• Assignment
Beginning at the line that mentions "We were the", retype the rest of the records below exactly. Pictures are not part of the copy.

• Listed records

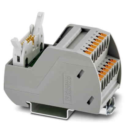 Modulo VARIOFACE con connessioni Push-in e connettore maschio per cavo piatto per l'installazione su guide di montaggio NS 35, con connettori maschio e staffe di bloccaggio corte e lunghe per connettori femmina, n. poli: 20
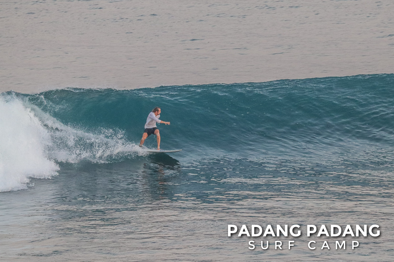 We were the first ones in the water this morning at Uluwatu and the conditions were flawless. Nothing more magical than watching the sun rise from the line up. Very quiet for the first hour and then the crowds slowly built. A few of the local pros came out and demonstrated how to make the most of the perfect surfing conditions.
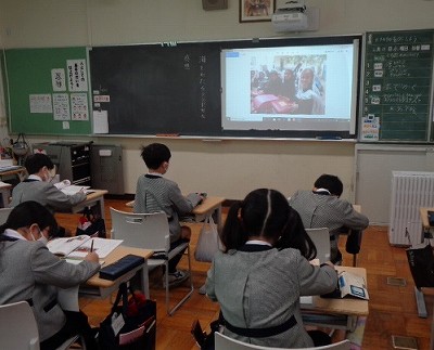 牛の放牧など、お家のお手伝いで大変な様子や、満足に環境が整っていない学校で一生懸命勉強する子供の様子、そんな子供達がランドセルを受け取っている様子を見て、子供達のうれしい気持ちが感じ取れたようです。ノートに感想をまとめました。
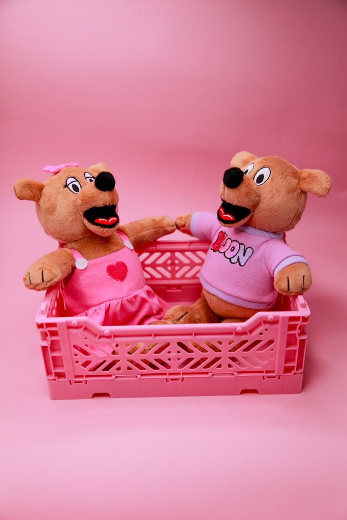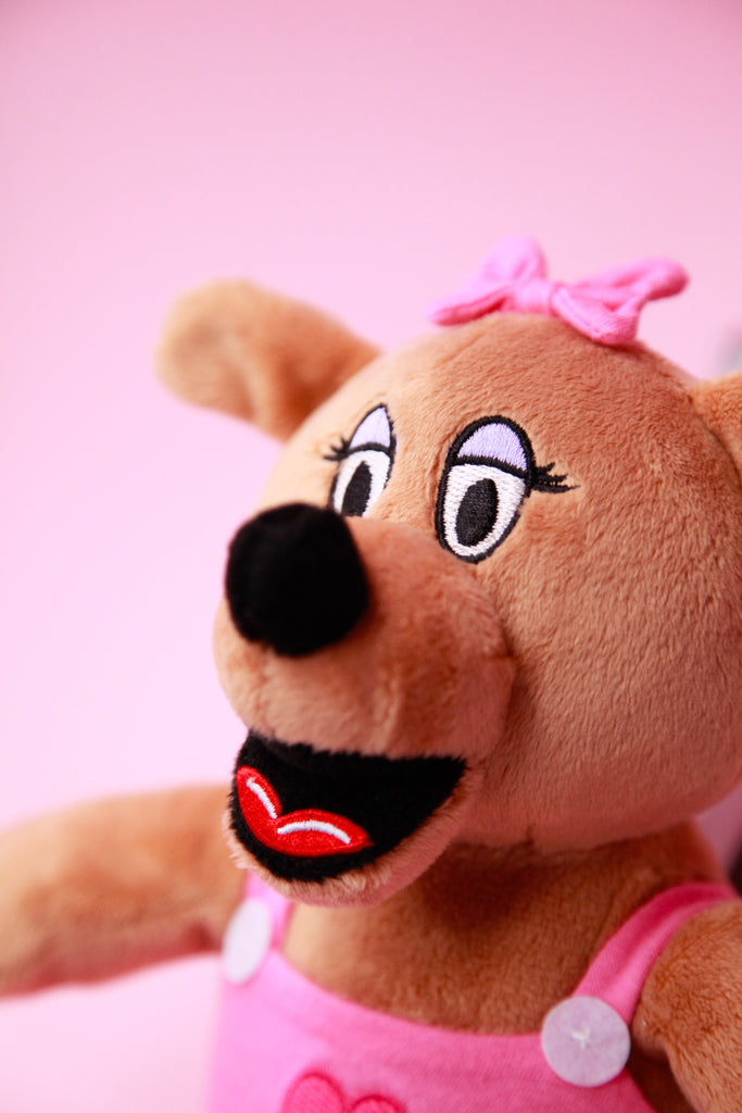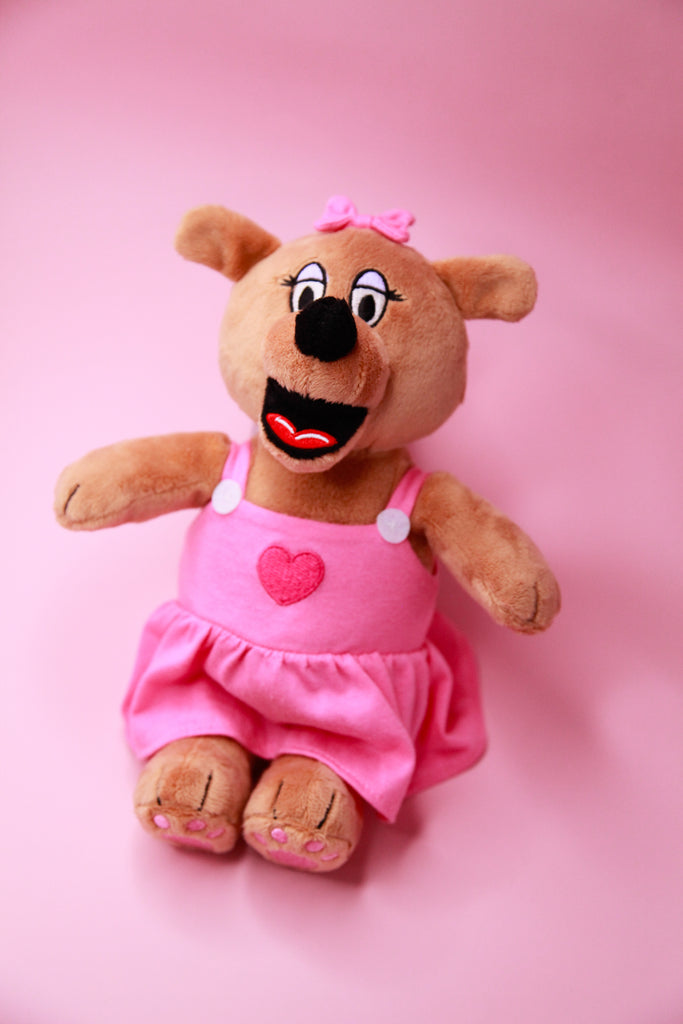 High quality minky body complete with tiny pink jersey dress with logo embroidery and lil buttons hehe
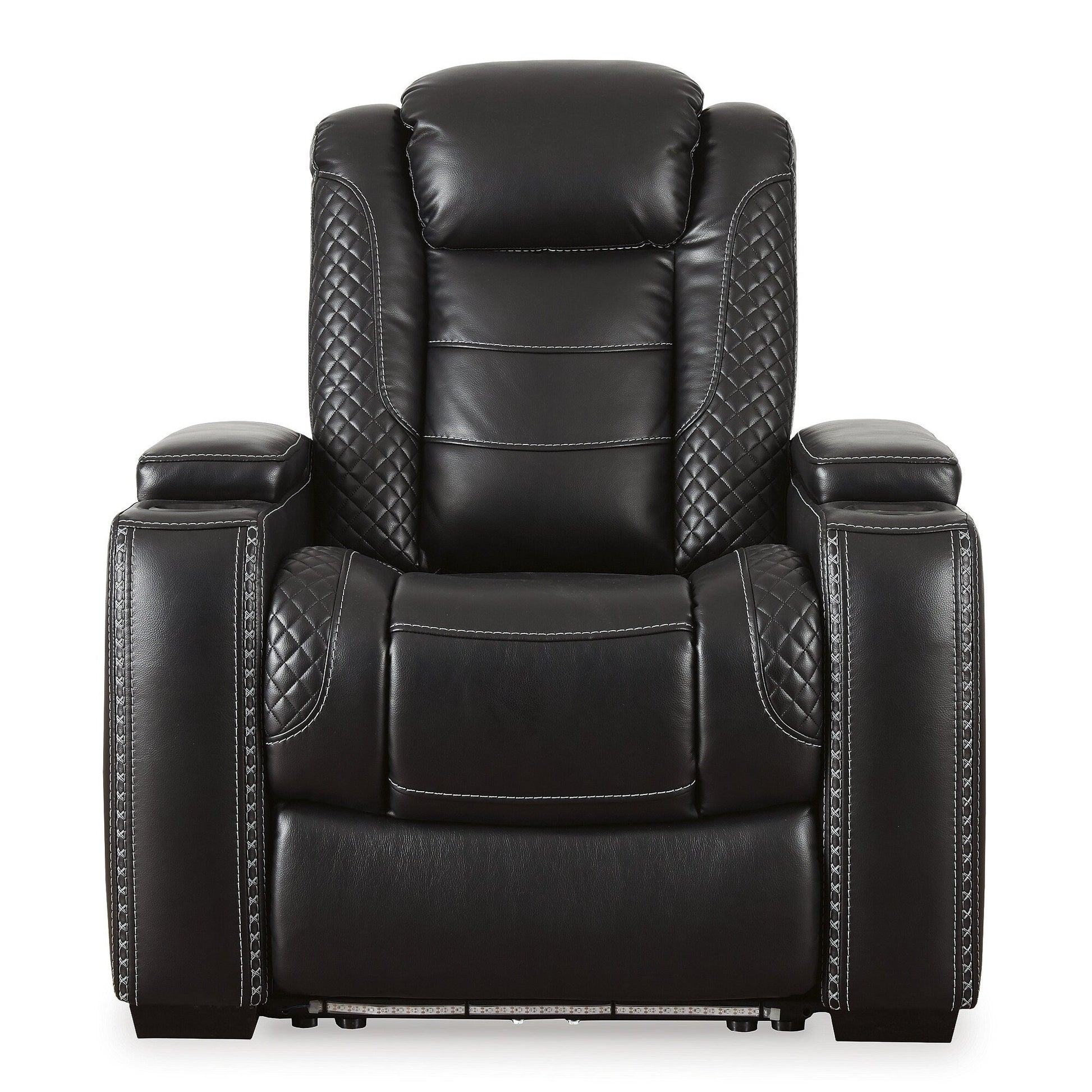 Besoin d'un endroit agréable et relaxant pour vous détendre et regarder la télévision ? Vous trouverez cet espace avec le fauteuil inclinable électrique Party Time avec appui-tête réglable. Avec son revêtement en polyester couleur nuit, ses coutures croisées, ses détails en treillis et son éclairage LED, il affiche un style résolument moderne. Côté confort, vous apprécierez son siège baquet inclinable et son appui-tête électrique réglable qui offre un angle de confort personnalisé pour regarder la télévision. Pratique également : il est équipé de porte-gobelets éclairés, d'un bouton d'alimentation intégré avec port USB, d'un accoudoir rembourré relevable avec rangement dissimulé et d'un éclairage LED inférieur. Il deviendra assurément un succès dans tous les intérieurs. Comment ne pas en avoir qu'un ?
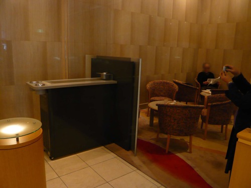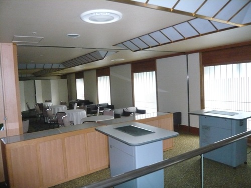 次善の対策:フロントロビー 「喫煙する人もお客様で閉め出すわけにはいかない」という考え方も現時点では仕方ありません。 ホテル日航プリンセス京都のフロントには収納スペースを改造した喫煙室が2005年以前からあります。レストランも全席禁煙として、受動喫煙対策に積極的に取り組んでいますが、吹き抜けの2階の部分にある喫煙コーナーが残念。 |

• Answer to the problem
 We were the first ones in the water this morning at Uluwatu and the conditions were flawless. Nothing more magical than watching the sun rise from the line up. Very quiet for the first hour and then the crowds slowly built. A few of the local pros came out and demonstrated how to make the most of the perfect surfing conditions.
 牛の放牧など、お家のお手伝いで大変な様子や、満足に環境が整っていない学校で一生懸命勉強する子供の様子、そんな子供達がランドセルを受け取っている様子を見て、子供達のうれしい気持ちが感じ取れたようです。ノートに感想をまとめました。
 High quality minky body complete with tiny pink jersey dress with logo embroidery and lil buttons hehe
 Besoin d'un endroit agréable et relaxant pour vous détendre et regarder la télévision ? Vous trouverez cet espace avec le fauteuil inclinable électrique Party Time avec appui-tête réglable. Avec son revêtement en polyester couleur nuit, ses coutures croisées, ses détails en treillis et son éclairage LED, il affiche un style résolument moderne. Côté confort, vous apprécierez son siège baquet inclinable et son appui-tête électrique réglable qui offre un angle de confort personnalisé pour regarder la télévision. Pratique également : il est équipé de porte-gobelets éclairés, d'un bouton d'alimentation intégré avec port USB, d'un accoudoir rembourré relevable avec rangement dissimulé et d'un éclairage LED inférieur. Il deviendra assurément un succès dans tous les intérieurs. Comment ne pas en avoir qu'un ?
 次善の対策:フロントロビー 「喫煙する人もお客様で閉め出すわけにはいかない」という考え方も現時点では仕方ありません。 ホテル日航プリンセス京都のフロントには収納スペースを改造した喫煙室が2005年以前からあります。レストランも全席禁煙として、受動喫煙対策に積極的に取り組んでいますが、吹き抜けの2階の部分にある喫煙コーナーが残念。 |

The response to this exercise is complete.